Dr. Stewart Loh
Dr. Loh’s research group uses the tools of protein engineering and folding to convert existing proteins into molecular switches for use in biotechnology and medicine. They have recently developed the Domain-Swapping Module (DSM) technology for creating self-assembling, ‘smart’ biomaterials. DSMs are small proteins that can be tagged onto target proteins of choice in order to cause the targets to self-assemble into extensive proteinaceous networks including hydrogels. The distinctions between DSM technology and others are that DSM-assembled materials: (1) possess the biological functions of the target proteins, (2) can self-assemble in response to a variety of stimuli, and (3) are fully genetically encoded.
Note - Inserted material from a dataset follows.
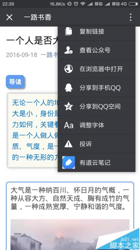 4、找到想要收藏的的微信公众号文章,点击右上角下拉,找到有道云笔记,点击有道云笔记。

The DSM consists of a ‘lever’ protein inserted into an ‘assembler’ protein. The lever forces the assembler apart at the site of insertion, causing the latter to unfold. The assembler protein then refolds with other assemblers by a mechanism known as domain swapping. The result is a three-dimensional meshwork in which the nodes are domain-swapped assemblers.
As proof-of-concept, we fused a small DSM to green fluorescent protein (GFP). An additional benefit of the technology is that large quantities of the recombinant protein can be produced inexpensively by bacteria. One gram of pure protein was obtained from two liters of E. coli. Figure 2 shows that the DSM-tagged GFP self-assembles into a hydrogel. The hydrogel fluoresces green, indicating that the function of GFP is retained in the final material.